What is a fault tolerant (fault tolerance) system?

Question

What is a fault tolerant (fault tolerance) system?

Asked 7 years, 1 month ago

Viewed 402 times

5

When talking about high-scale systems, much is heard of having a fault-tolerant system (fault-Tolerant). See the description of the Elixir programming language:

Elixir is built on top of the Erlang VM, known for running low latency, distributed and fault-tolerant, while also having succeeded in developing web and embedded systems. [adapted and translated from elixir-lang.org]

But I don’t understand what it means for a system to have this feature. Do you mean that the system can self-heal from failures? What kind of failures should be covered for a fault-tolerant system? And what strategies are used for a fault-tolerant system?

1 answer

Browser other questions tagged terminology software-architecture

You are not signed in. Login or sign up in order to post.
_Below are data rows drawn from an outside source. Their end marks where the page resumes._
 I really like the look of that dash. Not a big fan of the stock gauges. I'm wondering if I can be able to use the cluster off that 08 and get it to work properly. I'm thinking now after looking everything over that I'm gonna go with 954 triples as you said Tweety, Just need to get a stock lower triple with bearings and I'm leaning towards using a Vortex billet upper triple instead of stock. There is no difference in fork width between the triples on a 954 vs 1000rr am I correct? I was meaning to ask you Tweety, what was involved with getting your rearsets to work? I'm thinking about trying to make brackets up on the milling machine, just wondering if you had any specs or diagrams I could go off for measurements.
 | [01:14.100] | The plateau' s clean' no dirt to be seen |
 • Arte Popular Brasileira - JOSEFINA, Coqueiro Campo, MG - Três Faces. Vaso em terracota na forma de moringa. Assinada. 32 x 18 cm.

by Maniero • **444,682** points · Answer 1 · 2018-10-13T20:53:01+00:00

It is a characteristic of systems that are able to continue operating in a more or less normal way regardless of failures in any of the parts necessary for its operation.
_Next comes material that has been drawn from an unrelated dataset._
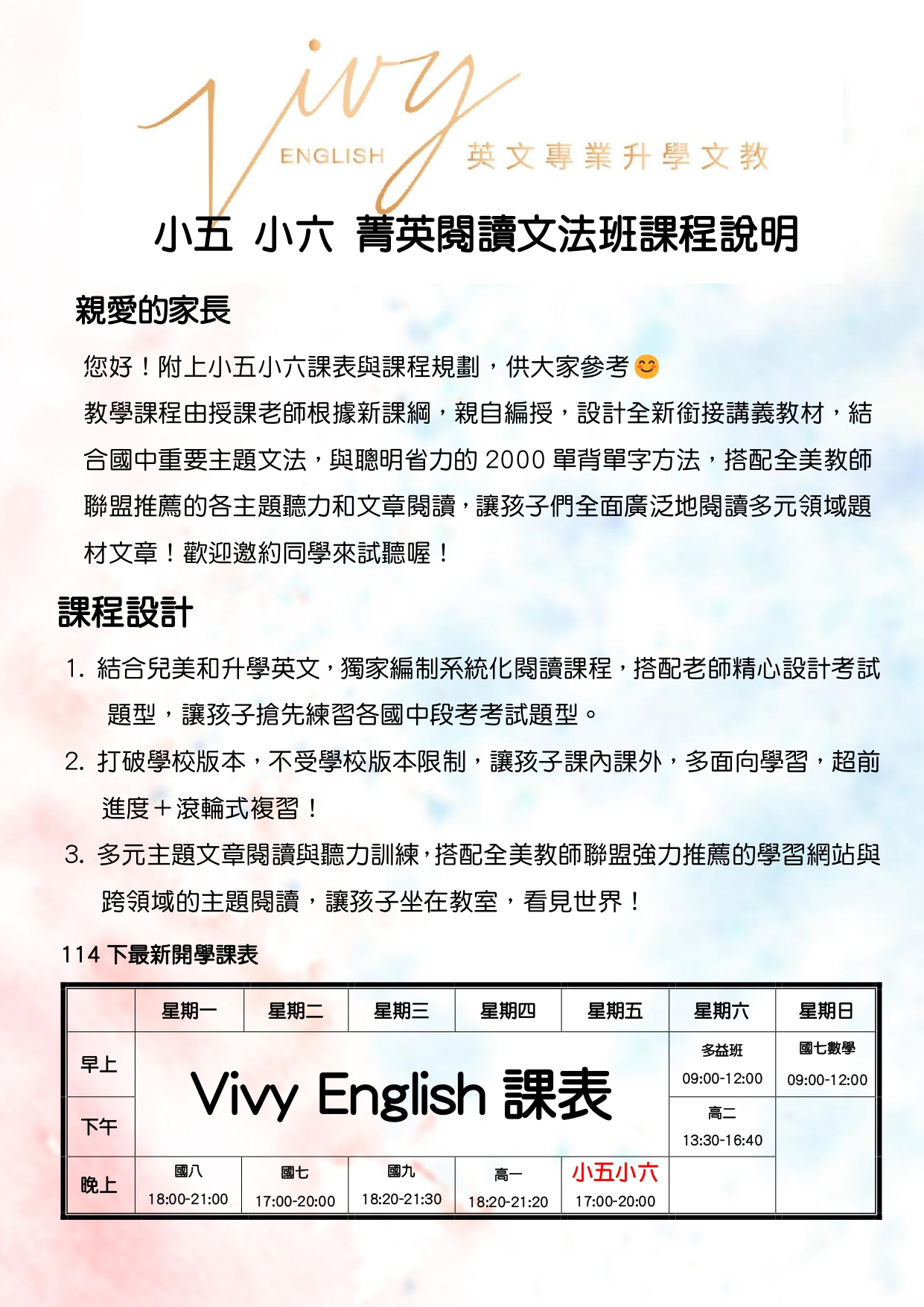 • 114(下)小五小六英文菁英班
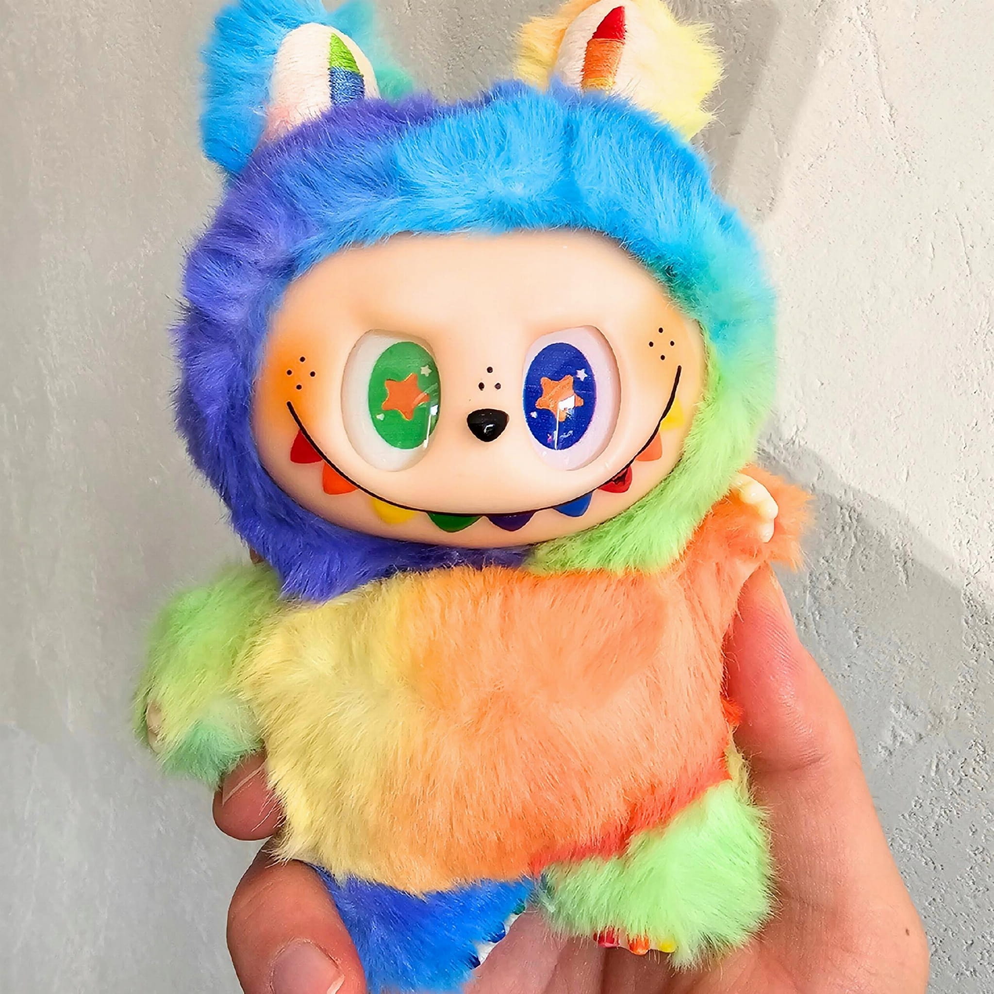 Uroczo niepokorna, miękka i pełna charakteru – maskotka to must-have dla fanów unikatowych zabawek i akcesoriów! Wykonana z puszystego materiału, przypomina rozkosznego potworka z uszami królika i hipnotyzującym uśmiechem pełnym kolorów. Dzięki praktycznemu uchwytowi typu kółko możesz ją z łatwością przypiąć do plecaka, torebki czy nawet do szlufki spodni, tworząc wyjątkowy akcent w codziennej stylizacji.

The way to get this feature varies, and may involve hardware or software solutions. Tolerance is almost always obtained with some backup system, replication, mirroring, redundancy, or something like that, and in general, it also has some kind of monitoring and escalation of actions when there is something wrong. But one way to help is to write code that is robust, that is always prepared for a failure to occur and can do something useful with it. But remember that often tolerance will be given by the infrastructure adopted.
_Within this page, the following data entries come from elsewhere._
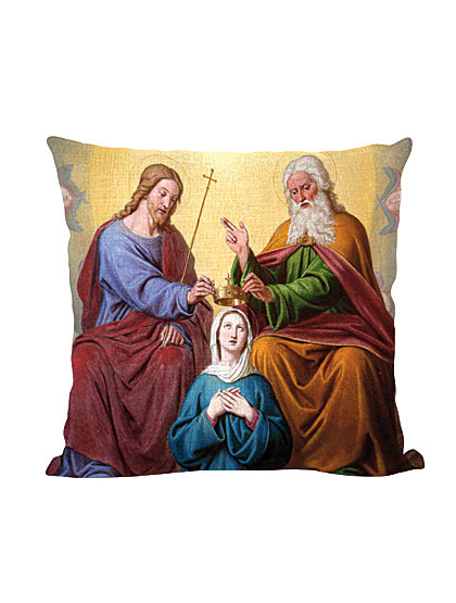 Dieser Zierkissen-Bezug zeigt uns die Aufnahme und die Krönung Mariens im Himmel! Mit verdecktem Reißverschluss, in edler Leinenoptik, waschbar bei 30 Grad, 45 x 45 cm.
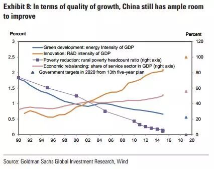 平衡的四个方面:绿色发展(蓝色线,经济增长单位能耗,左轴);创新(黄色线,研发投入占GDP的比重,左轴);扶贫(紫色线,贫困人口占比,右轴);产业结构(红色线,第三产业占GDP的比例,右轴);右端三角形为中国政府设定的2020年目标。(数据来源:高盛、万得)
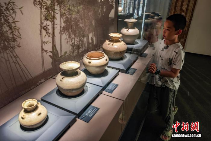 7月30日,江苏南京,小朋友在六朝博物馆内参观展陈的青瓷点彩盘口壶(左一)、青瓷点彩罐(左三)等文物。正值暑期,南京文博场馆迎来参观热潮。中新社记者 泱波 摄
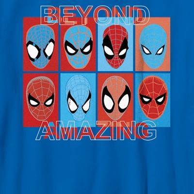 Experience the magic of Spider-Man in a whole new way! Grab some exciting new apparel for the whole family from the Marvel Spider-Man Beyond Amazing Exhibit at the Comic-Con Museum in San Diego, California, and enjoy interactive displays and artifacts from Spider-Man throughout the years! This Boys' Marvel Spider-Man Beyond Amazing Mask Squares Graphic T-Shirt features different versions of the Spider-Man mask inside of blue and red squares with the phrase: "Beyond Amazing" in red and white across the front. Grab one of these new tees today and celebrate the nostalgia!
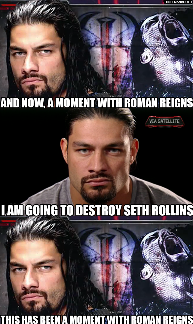 Roman Reigns says he’s great, but he’s getting stronger everyday. But he is doing anything to be in San Antonio. Reigns says Ambrose/Rollins was complete carnage and that they tore the house down. Reigns calls Ambrose his boy and calls Rollins a weasel. Reigns says Rollins hides behind everyone including Bray Wyatt. Reigns mentions that Seth Rollins calls himself the future, but when he comes back, he’s going to make sure Seth Rollins is the past.

In software solutions it is customary to anticipate the problems and not to let them happen or after having occurred have some way to re-experience or go to another form that delivers the desired result. A simple system that detects errors in the software and gives a solution can already be considered tolerant to failures at some level. We usually only use the term when everything is solved without direct human intervention.

In general this tolerance is somewhat limited and in each situation it is explained in which cases the operation can continue normal. It is obvious that there are always flawed levels and the more tolerant to every type of failure the system needs to be, the more complex it will be, in some cases it can only be tolerant with a lot of replication in parts of the world. In others only having a way to solve if one of the solution software fails another solves the work or gives some useful result anyway.

So the term is often used as marketing when it doesn’t specify the tolerance level.

There are no guarantees that tolerance allows normal operation always, just that it does not stop completely. In some cases delivering the result is not even the intention, just not stop working is already a good goal.

It is important that anything that occurs in the middle of the failure process that can be reversed or that can be contained without contaminating other parts.

Some mechanisms are very sophisticated, complex and expensive.

There are no tools that can do this magically as some might wish. Sure, you can hire some service that gives you something ready, but you’ll never get it without someone’s great effort.

For all this it is complicated to talk about types of failures and specific strategies, each solution takes a form according to each type of system.